◆ **Work request**: Print the lines in the listing below starting at the line with "Les pistolets, les" and ending at the line with "По итогам личных", both included. Reproduce them exactly and omit every picture.

◆ **Data supplied**:

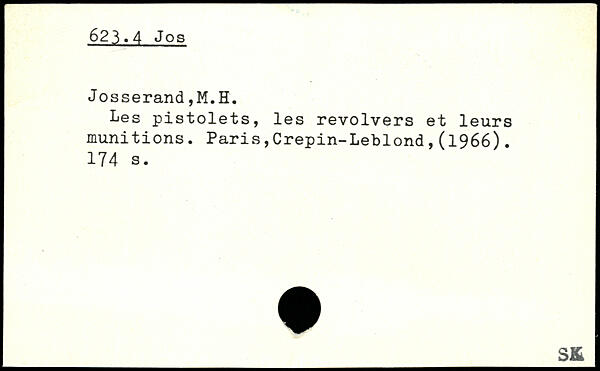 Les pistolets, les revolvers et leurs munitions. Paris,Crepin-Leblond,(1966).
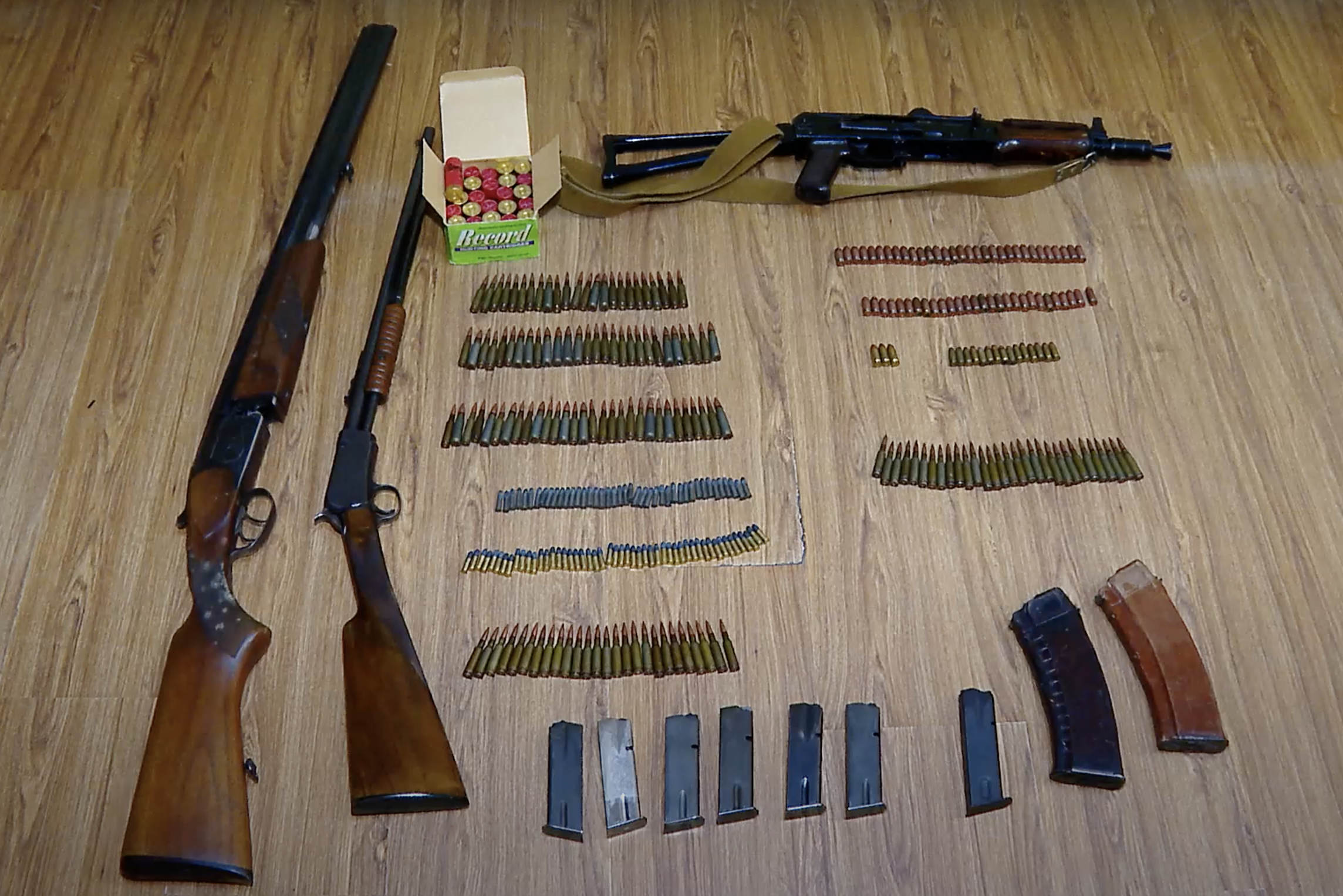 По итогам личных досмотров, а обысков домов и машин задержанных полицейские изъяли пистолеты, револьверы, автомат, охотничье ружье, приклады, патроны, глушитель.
==
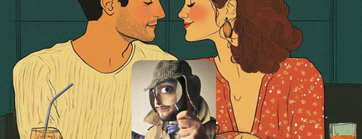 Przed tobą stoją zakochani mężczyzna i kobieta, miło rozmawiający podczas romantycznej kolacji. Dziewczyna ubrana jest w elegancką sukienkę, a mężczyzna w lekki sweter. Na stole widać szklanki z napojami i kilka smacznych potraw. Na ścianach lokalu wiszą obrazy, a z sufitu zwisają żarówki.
---
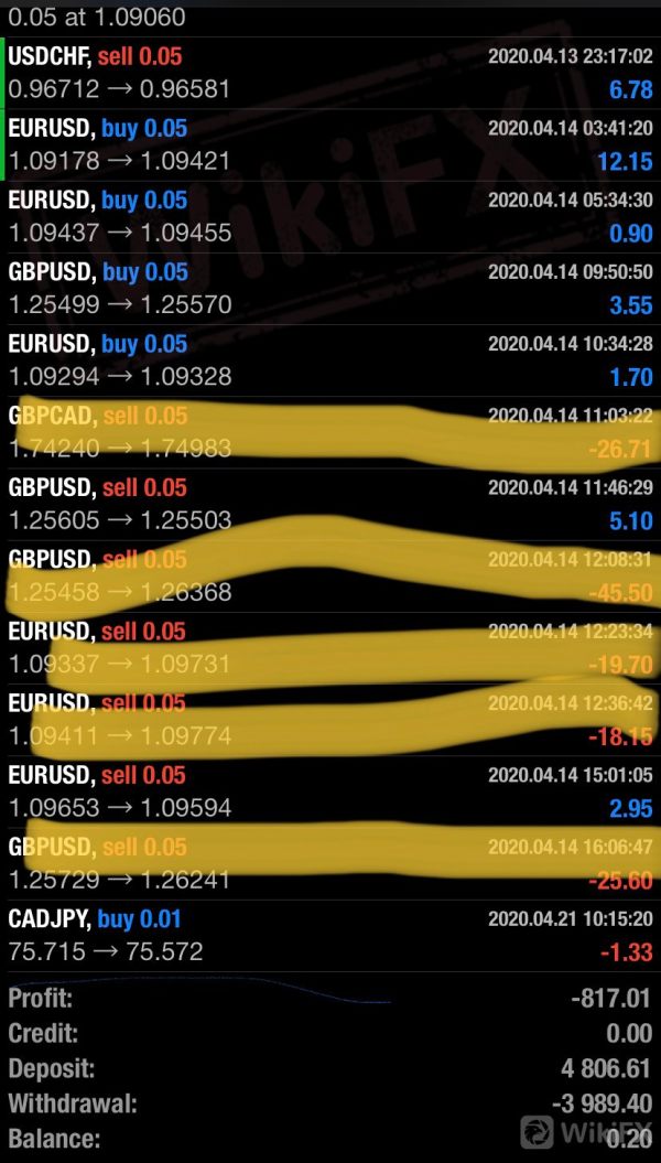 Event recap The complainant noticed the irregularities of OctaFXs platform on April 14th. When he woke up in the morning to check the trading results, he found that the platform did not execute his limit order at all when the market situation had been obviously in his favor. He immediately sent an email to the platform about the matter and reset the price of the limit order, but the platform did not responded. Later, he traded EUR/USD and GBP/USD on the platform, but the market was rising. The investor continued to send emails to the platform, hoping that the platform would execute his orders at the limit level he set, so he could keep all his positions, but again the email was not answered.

◆ **The answer**:
 Les pistolets, les revolvers et leurs munitions. Paris,Crepin-Leblond,(1966).
 По итогам личных досмотров, а обысков домов и машин задержанных полицейские изъяли пистолеты, револьверы, автомат, охотничье ружье, приклады, патроны, глушитель.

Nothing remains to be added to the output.